Aun en el aturdimiento de la llegada, me di cuenta de que yo no reconocía en aquel muerto al padre de mis cinco hijos. Conmigo había sido callado, modesto, sin imaginaciones. Su otra vida lo revelaba, en cambio, poderoso y sociable.
«Alguien debió de reconocernos y avisar que nos acercábamos porque, en la esquina de la casa, nos salieron al paso dos viejos que me dieron mala espina. El más enlutado, con unos bigotes de manubrio, se quitó el sombrero de paja y descubrió una calva sudada.
«-Yo sé quién es usted y desde dónde viene, señora -dijo, sin mirarme a los ojos-. Comprendo su dolor y el de sus hijos. Pero hágase también cargo del dolor que está sintiendo la familia legítima de Juan Duarte. Soy primo hermano del difunto. Le ruego que no se acerque a la casa del duelo. No nos traiga el escándalo.
«No lo dejé seguir.
«-Vengo con estas criaturas desde muy lejos. Ellos también tienen derecho a despedirse de su padre. Cuando hayamos hecho lo que vinimos a hacer, nos iremos. Quedesé tranquilo. No habrá ningún escándalo.
«-Creo que no me entiende -insistió el primo. Sudaba mucho. Un pañuelo embebido en perfume lo aliviaba-. El fallecimiento ha sido repentino y la viuda está muy alterada. Saber que ustedes han entrado en su propia casa no le hará ningún bien. Le aconsejo que vayan a la iglesia y recen ahí por el eterno descanso de Juan. Y por caridad, tome este dinero para comprarle algunas flores.
«Me tendió un billete de cien pesos, que en esa época era una barbaridad. No me digné contestarle. Lo aparté con la mano y seguí caminando. Al advertir mi resolución, el otro viejo sonrió de costado y preguntó, desdeñoso:
«-¿Éstos son los bastardos?
«-Los de su madre -respondí, marcando con fuerza el su, para devolverle el insulto-. Y los de Juan Duarte. Así son las cosas. Todos, para el ladrón, son de su condición.
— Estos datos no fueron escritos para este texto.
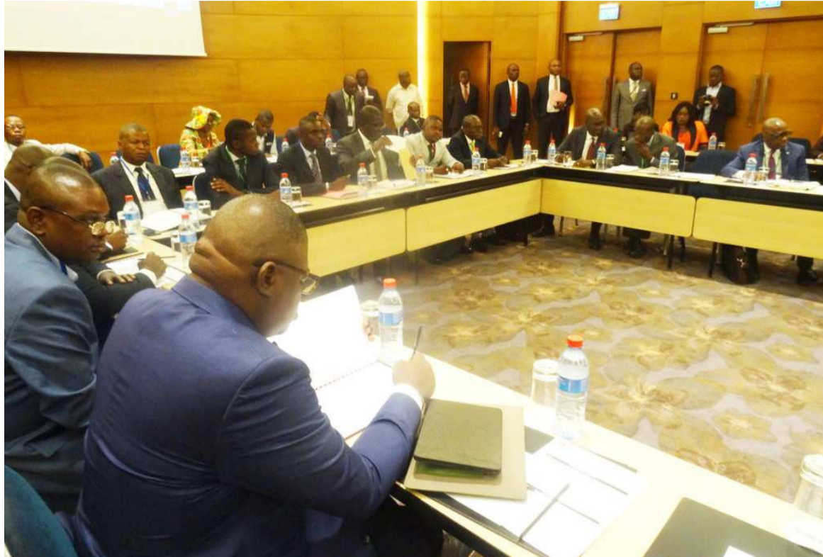
Les participants aux travaux

Celle-ci a voulu s'étendre à d'autres acteurs de la chaîne de gestion des dépenses et recettes, grâce à un appui du projet de réformes intégrées du secteur public.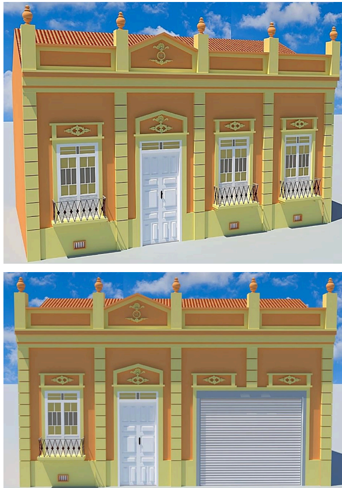
Figura 3: Modelo ilustrativo de um processo de descaracterização, por meio de análise comparativa. Em cima: uma edificação do estilo Eclético, considerada como íntegra; embaixo: a mesma edificação com um processo de descaracterização.

Apesar disso, a primeira descrição acerca da descaracterização arquitetônica, é feita pelo Programa de Preservação do Núcleo Histórico de Paracatu (1984), cujo considera que edificações com descaracterização, são aquelas que passaram por reformas que alteraram às características originais, onde, muitas vezes, por meio de novas intervenções, é possível retornar às características originais (TURKIENICZ; MALTA, 1986). Desta forma, se considera que a descaracterização representa a perda das características e a sua nomenclatura, não tem a intenção de desqualificar o imóvel, mas sim, mensurar a sua preservação (Figura 3).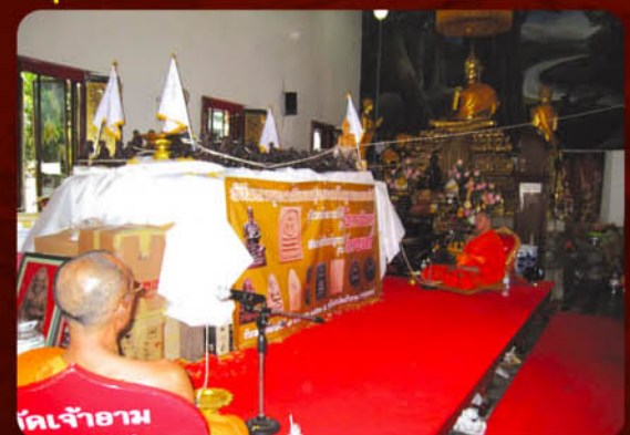
พระเถรจารย์สวดพระคาถาไพฑูริย์คปริตร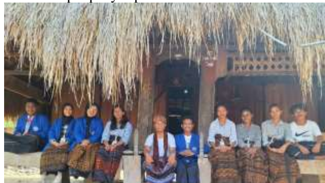
Gambar 8. Rumah Adat

Mosalaki (Rumah Kepala Suku/Ketua Adat), Sao Ria (Rumah adat perempuan) dan Sao Keda (Rumah adat laki-laki). Bangunan-bangunan ini yang dikenal secara kolektif sebagai Sao Nggua atau Rumah Adat. Tidak hanya berfungsi sebagai tempat tinggal tetapi juga sebagai pusat kegiatan adat, upacara dan tempat penyimpanan benda-benda warisan leluhur.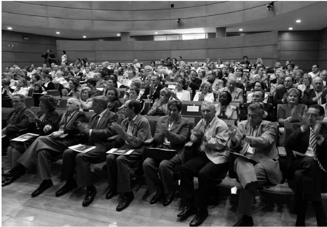
Una imatge del lliurament de diplomes als alumnes de La Nau Gran.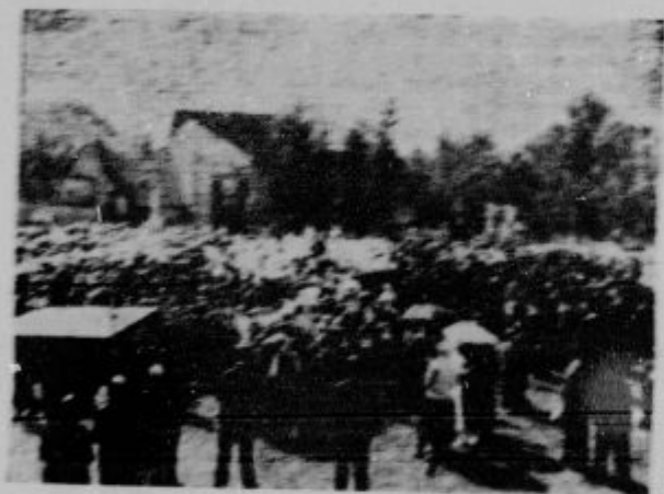
Ekzaristični kongres v St. Jeromeju: Pogled na množico med sv. mase (pl. črna).

Čreda pod sv. duho. Tudi v tem svetovnem kongresu, ki se je odvil v Bernu, je bilo mnogo ljudi, ki so se zbrali do svetovne cerkve v prošnji, naj bi v njih postavila pod sv. duho svetlobo, ki raste v sv. duhu. Tudi v Bernu je bilo mnogo ljudi, ki so se zbrali do svetovne cerkve v prošnji, naj bi v njih postavila pod sv. duho svetlobo, ki raste v sv. duhu. Tudi v Bernu je bilo mnogo ljudi, ki so se zbrali do svetovne cerkve v prošnji, naj bi v njih postavila pod sv. duho svetlobo, ki raste v sv. duhu.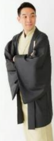
古今亭駒治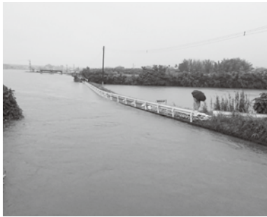
大雨で氾濫した倉目川(令和元年撮影)

答 今年度は市の発注工事に加え、例年になく県の発注工事が多く、人手不足に陥っている。少額工事であれば、主任技術者は複数の現場を受け持つことができるが、この工事は高額で、専任でな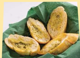
Половина багета 1/2 Baguette 80 rub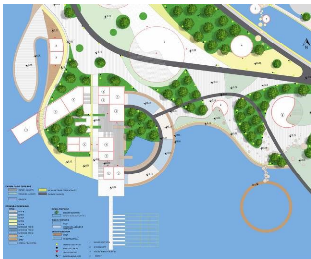
Слика 2: Кајак и кану клуб са околним смјештајним и угоститељским капацитетима, П 1:500

За стабла која се налазе на поплочаним површинама обезбијеђена је адекватна заштита од различитих врста оштећења у виду металних решетки, које омогућавају биљци довољно свјетлости, топлоте и влаге а људима неометано кретање.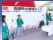
西原町産品引合展示会

«No pude avanzar sino unos pocos pasos. De la casa salió una joven poco mayor que Blanca. Tenía los ojos marcados por el estrago del llanto y los labios pálidos. Se abrió paso entre las coronas fúnebres con tal ímpetu que dos o tres cayeron de los caballetes. Estaba encrespada. Pensé que iba a golpearme.
«-¿Cómo se atreve? -dijo. Hemos sufrido toda la vida por su culpa, señora. Vayasé de aquí, vayasé. ¿Qué clase de mujer es usted, Dios mío? Qué falta de respeto.
«Yo no perdí la calma. Pensé: es una hija de Duarte. También ella, a su manera, se ha de sentir desamparada.
«-Por respeto al difunto he venido hasta aquí -le dije-. Mientras vivió, fue un buen padre. No veo por qué las cosas deben ser de otro modo ahora que está muerto. No les haga a mis hijos el mal que ellos no le harían a usted.
«-¡Vayasé ahora mismo! -me contestó. No sabía si atacarme o largarse a llorar.
«Quién sabe por qué se me representaron en aquel momento la estación de trenes donde había esperado a Duarte tantas veces en vano, la carreta de mi padre avanzando entre los espejismos de los campos secos, el parto de mi primera hija, la cara de Evita desfigurada por las quemaduras. Entre tantas imágenes encontré también la de un caballero flaco y pálido. Estaba vestido de negro y se había acercado sin que nos diéramos cuenta, al amparo de la contraluz. Creí que era otro personaje de mis recuerdos, pero no: estaba de pie en la realidad de ese día tan distinto a mí, inmóvil, presenciando el arrebato histérico de la joven que era, de hecho, media hermana de mis hijos. El caballero flaco le puso las manos sobre los hombros y con ese gesto simple le apagó el odio, o por lo menos se lo contuvo.